Rus’ was the victim of Rossiia Georgii Gachev

If this book were in Russian, the title would contain two distinct epithets: russkii for the people and rossiiskii for the empire. The first derives from Ras’, the word customarily employed to denote the Kievan state and the Muscovite one in its early years. The second comes from Rossiia, a Latinized version probably first used in Poland, which penetrated to Muscovy in the sixteenth century and became common currency in the seventeenth – precisely during the time when the empire was being founded and extended.>1

In that way the Russian language reflects the fact that there are two kinds of Russianness, one connected with the people, the language and the pre-imperial principalities, the other with the territory, the multi-national empire, the European great power. Usage is not absolutely consistent, but any Russian will acknowledge that there is a considerable difference in tonality and association between the two words. Rus’ is humble, homely, sacred and definitely feminine (the poet Alexander Blok called her ‘my wife’); Rossiia grandiose, cosmopolitan, secular and, pace grammarians, masculine. The culturologist Georgii Gachev has dramatized the distinction: ‘Rossiia is the fate of Rus’. Rossiia is attraction, ideal and service – but also abyss and perdition. Rossiia uprooted the Russian people, enticed them away from Rus’, transformed the peasant into a soldier, an organiser, a boss, but no longer a husbandman.’>2

The theme of this book is how Rossiia obstructed the flowering of Rus’, or if you prefer it, how the building of an empire impeded the formation of a nation. So my story concerns above all the Russians. There have been many books in recent years about the non-Russian peoples of the empire, and the problems of their national development.>3 It is time to redress the balance in favour of the Russians, whose nationhood has probably been even more blighted by the empire which bore their name.

Russians, especially in the nineteenth century, have always believed that their distinctiveness – some saw it as their curse – derived from an underlying problem of national identity, but few western historians have taken the notion seriously, preferring to dismiss the Russian obsession with the national problem as an excuse for imperial domination or reactionary politics. I believe the Russians are right, and that a fractured and underdeveloped nationhood has been their principal historical burden in the last two centuries or so, continuing throughout the period of the Soviet Union and persisting beyond its fall. Such an assertion may surprise Russia’s neighbours, who are accustomed to regard Russian nationalism as overdeveloped and domineering. This is an understandable optical illusion, but an illusion nevertheless, as I shall try to demonstrate.

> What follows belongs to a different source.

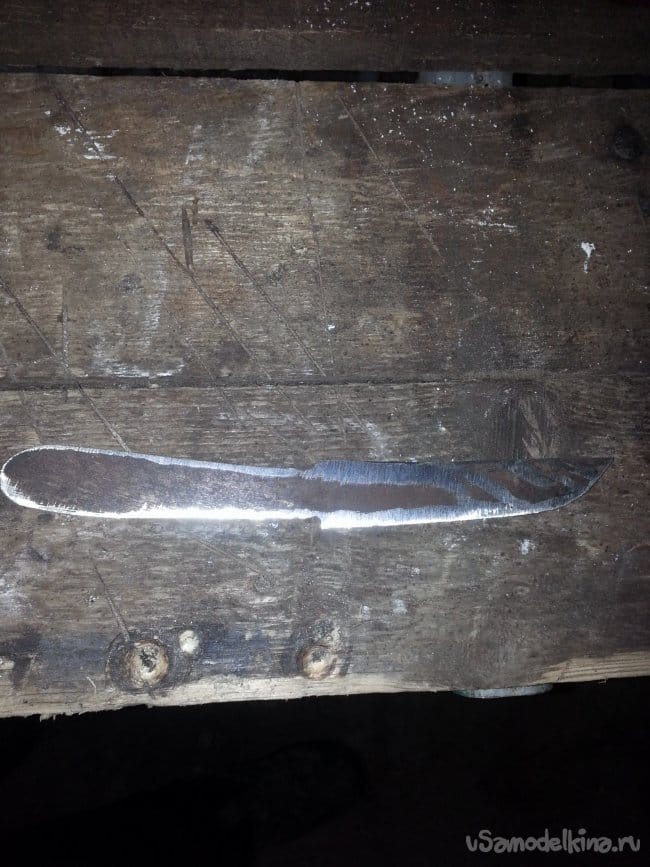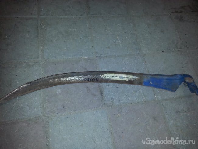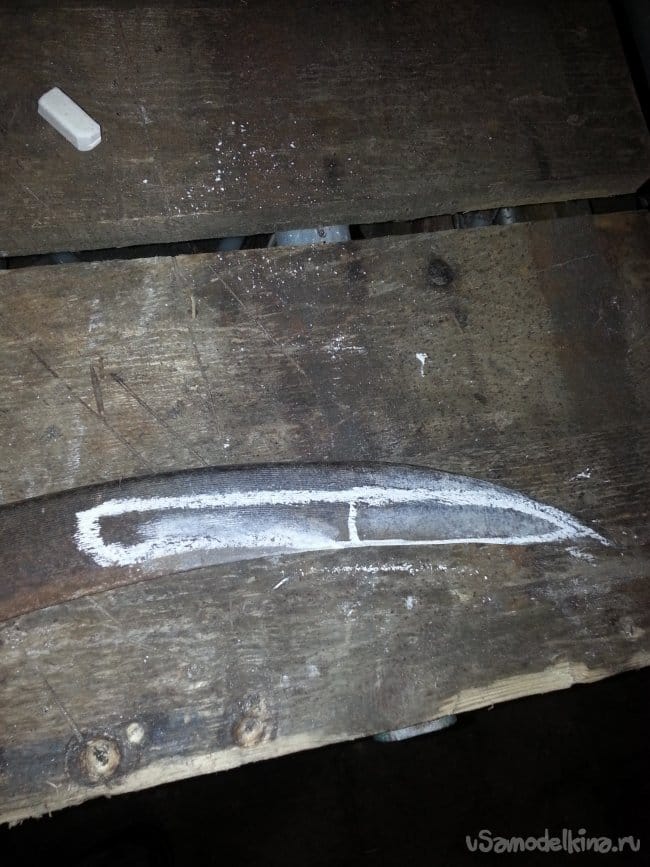 Итак рисуем на нашей косе мелом очертания будущего ножа, рисуем на кончике острия так как там самое прочное место.

Social scientists have been reluctant to define the term ‘nation’, and indeed, whenever the attempt is made, there invariably turn out to be one or two anomalous ‘nations’ which do not fit the definition. I shall nevertheless try to pin the notion down. A nation, it seems to me, is a large, territorially extended and socially differentiated aggregate of people who share a sense of a common fate or of belonging together, which we call nationhood.

Nationhood has two main aspects. One is civic: a nation is a participating citizenry, participating in the sense of being involved in law-making, law-adjudication and government, through elected central and local assemblies, through courts and tribunals, and also as members of political parties, interest groups, voluntary associations and other institutions of civil society. The second aspect of nationhood is ethnic: a nation is a community bound together by sharing a common language, culture, traditions, history, economy and territory. In some nations, for historical reasons, one aspect predominates over the other: the French, Swiss and American nations are primarily ‘civic’, while the German and East European nations have tended to emphasize ethnicity.>4 I believe that both aspects of Russians’ nationhood have been gravely impaired by the way in which their empire evolved.